Beijing, 9 Feb (ONA) --- Global stocks and Wall Street futures rose today as investors waited for U.S. inflation data for signs of how fast the Federal Reserve might pull back stimulus.
London and Frankfurt opened higher. Shanghai, Tokyo and Hong Kong advanced.
U.S. inflation data tomorrow (Thursday) are expected to show inflation rose to a four-decade high of 7.3% in January, adding to pressure to control prices. Traders expect the Fed to hike rates at least four times this year, starting next month.
In early trading, the FTSE 100 in London rose 0.6% to 7,612.25 and the DAX in Frankfurt added 0.7% to 15,359.40. The CAC 40 in Paris advanced 0.9% to 7,095.45.
On Wall Street, the future for the benchmark S&P 500 index was up 0.3%. That for the Dow Jones Industrial Average was 0.2% higher.
On Tuesday, the S&P 500 rose 0.8% and the Dow gained 1.1%. The Nasdaq composite advanced 1.3%.
Smaller company stocks outpaced the broader market in a potential sign that investors are optimistic about economic growth. The Russell 2000 index of smaller stocks rose 1.6%.
In Asia, the Shanghai Composite Index advanced 0.8% to 3,479.95 and the Nikkei 225 in Tokyo gained 1.1% to 27,579.87. The Hang Seng in Hong Kong was 2.1% to 24,829.99.

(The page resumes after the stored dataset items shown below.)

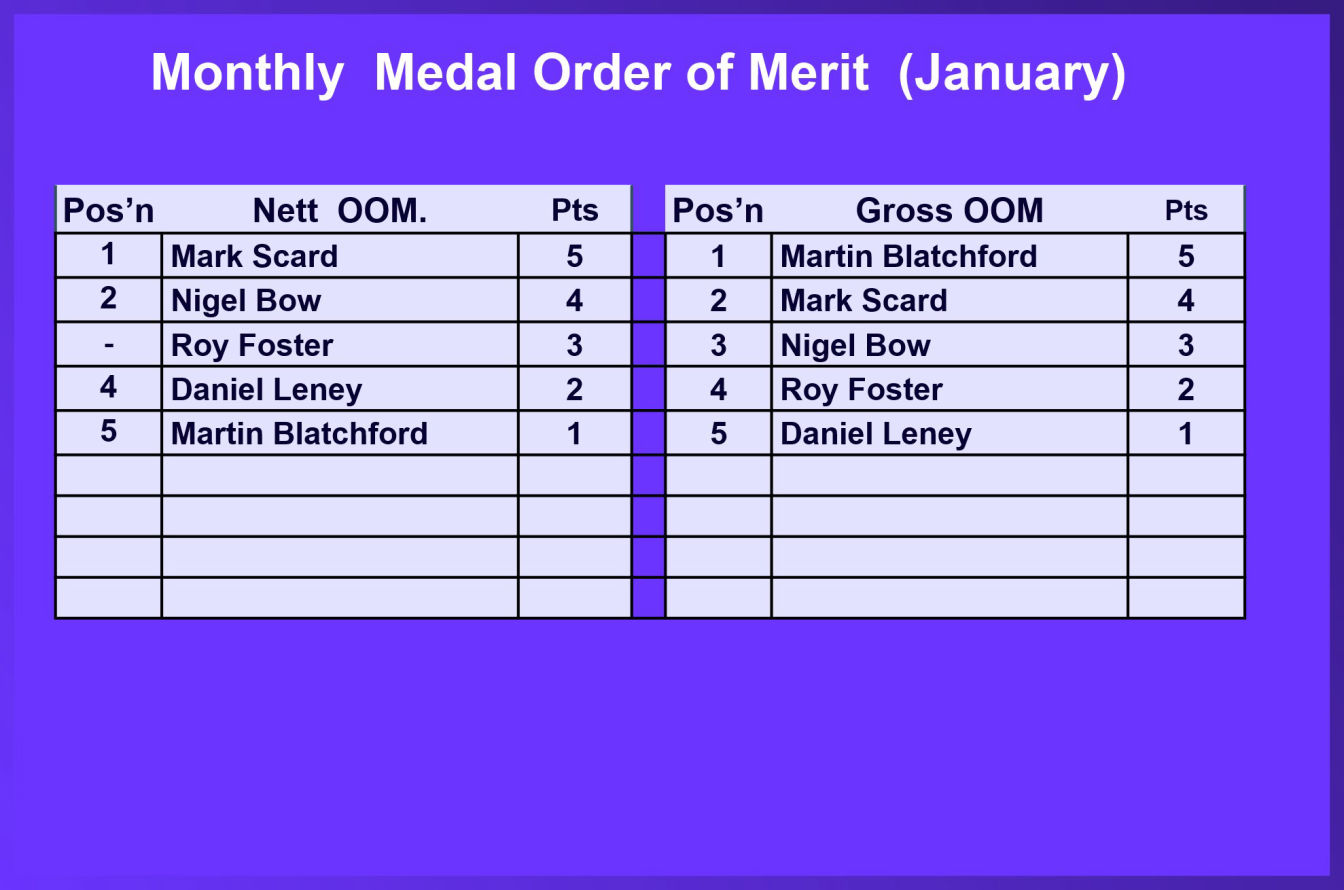 Latest competition winners and OOM Tables for the 2026 Monthly (Sunday) Medal are shown below. The Weekday medal and Tiger Trophy results and Orders of Merit are shown on the Senior page.
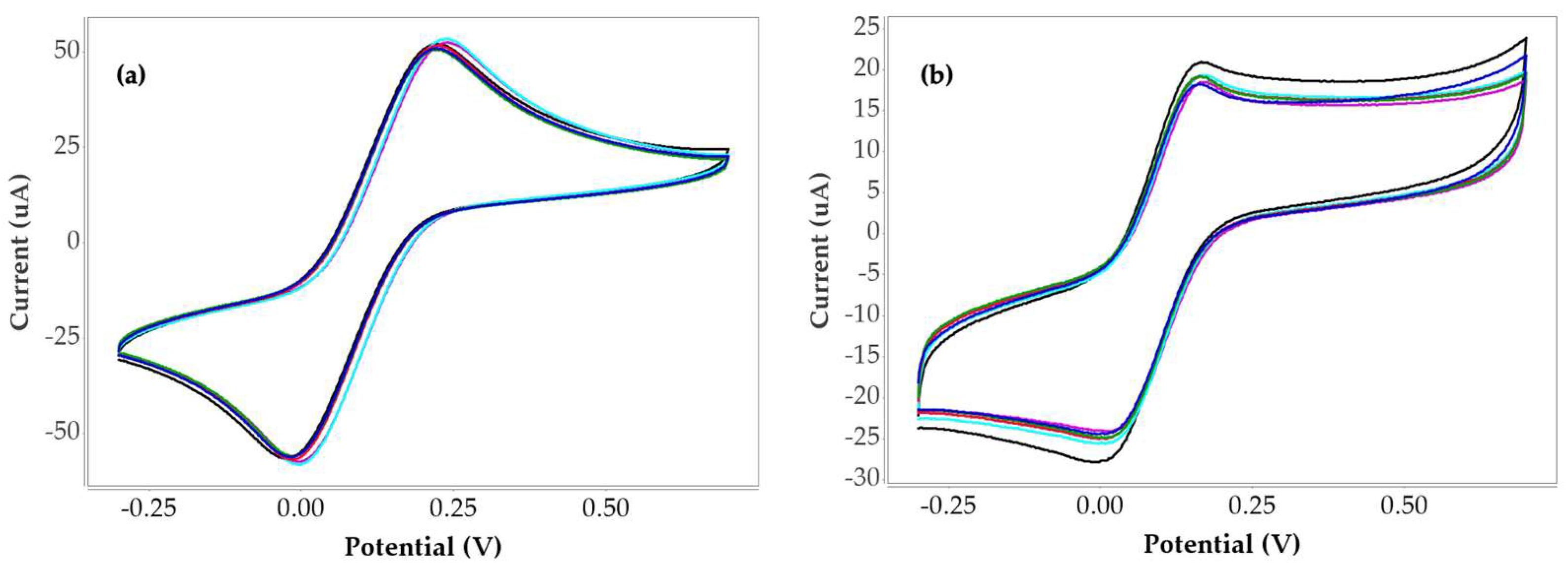 - Baseline Establishment: Initial CV scans were carried out on blank electrodes to determine background current levels.
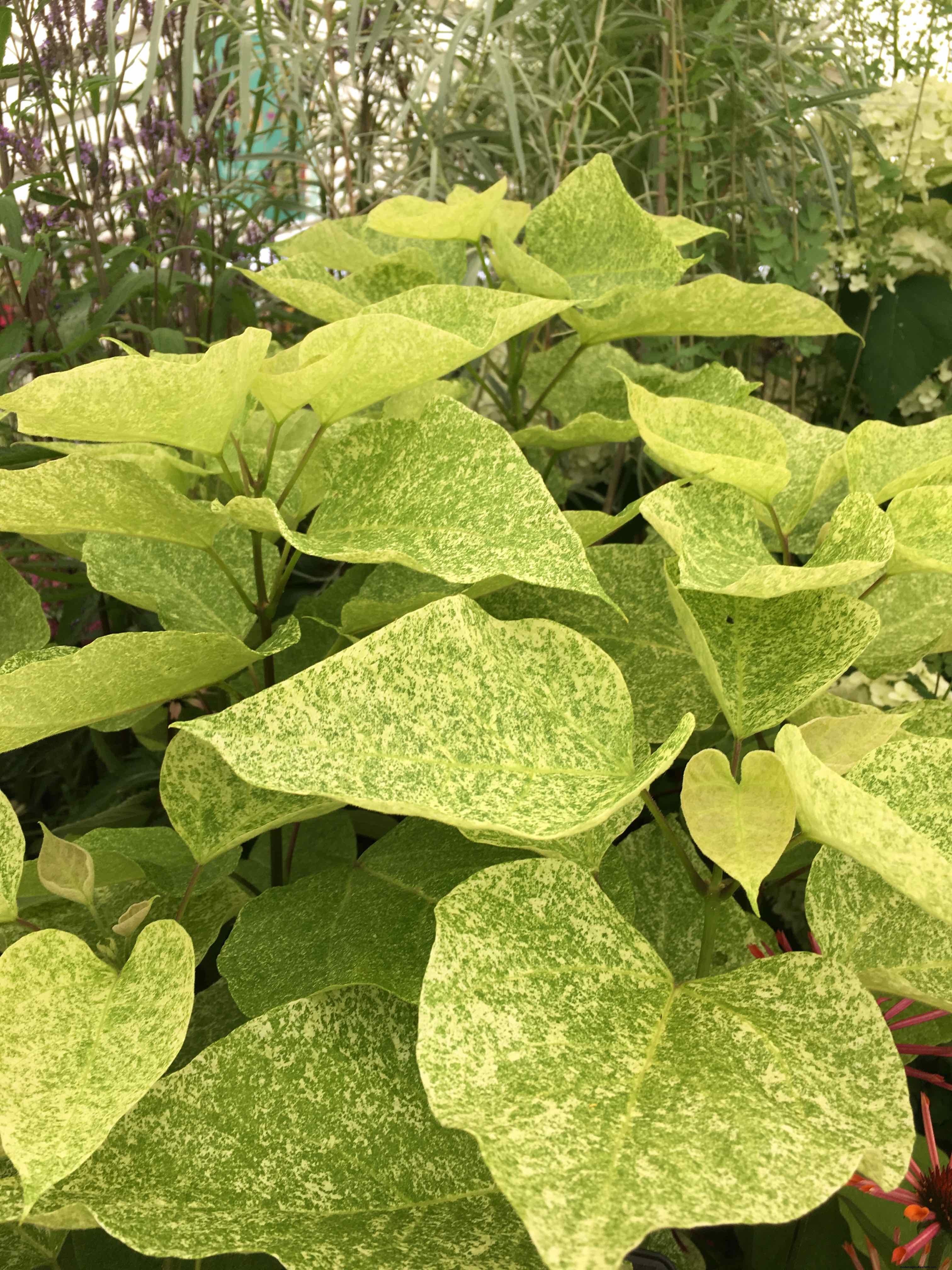 Many of us are familiar with catalpa, the species of tree with large heart-shaped leaves you can coppice hard to encourage big, tropical foliage. Madrona Nursery had an unusual alternative: Catalpa speciosa ‘Pulverulenta’, with leaves speckled all over with a haze of creamy yellow. Brilliant for adding luminosity to a tropical border.
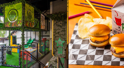 Área kids na unidade da Zona Norte do O Pasquim Bar e Prosa (Créditos: Divulgação) e a dupla de mini cheeseburgers com fritas
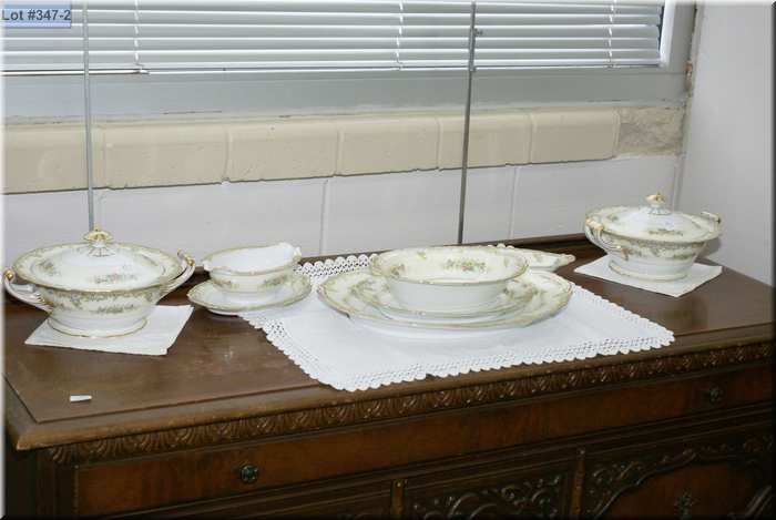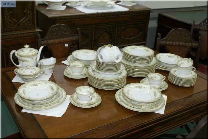A large set of Noritake "Rosario" china including dinner plates, luncheon, side and bread and butter plates, tea pot cream and sugar, soup bowls, cups and saucers plus two lidded vegetable dishes, one open vegetable dishes, platters, sauce boat etc.
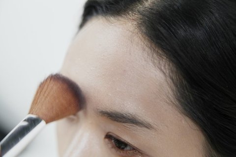 밝은 색상의 섀도우를 이마의 T존과 광대 부분에 하이라이팅 해주세요.

The Kospi in Seoul rose 0.8% to 2,768.85 and Sydney’s S&P-ASX 200 added 1.1% to 7,268.30.
India’s Sensex gained 0.8% to 58,316.17. New Zealand and Southeast Asia markets rose.
Markets have been volatile since Fed officials said in mid-December that plans to withdraw stimulus would be accelerated to cool inflation that is at multi-decade highs.
European and other central banks also are looking at when to withdraw stimulus.
The president of the European Central Bank, Christine Lagarde, said this week any rate hikes would be gradual. Investors expect the ECB to adopt a more hawkish policy at its March meeting after the board said last week inflation risks were rising.
Higher rates can depress stock prices by dampening economic activity and making it more expensive to borrow money to finance trading.
Economists expect Thursday’s data to show U.S. inflation accelerated to a four-decade high of 7.3% in January.
On Tuesday, the yield on the 10-year U.S. Treasury note, or the difference between its market price and the payout at maturity, rose to 1.96%, its highest level since the start of the pandemic, from Monday’s 1.91%.
Technology companies accounted for a big slice of the S&P 500′s rally. Apple rose 1.8%.
Chipmaker Nvidia rose 1.5% after announcing it terminated its plan to buy chip designer Arm from SoftBank.
Retailers and other companies that rely on direct consumer spending helped lift the market. Amazon rose 2.2% and Home Depot gained 1.1%.
In energy markets, benchmark U.S. crude lost 43 cents to $88.93 per barrel in electronic trading on the New York Mercantile Exchange. The contract fell $1.96 the previous session to $89.36. Brent crude, the price basis for international oils, retreated 34 cents to $90.44 per barrel in London. It lost $1.91 on Tuesday to $90.78.
The dollar declined to 115.36 yen from Tuesday’s 115.54 yen. The euro advanced to $1.1424 from $1.1413.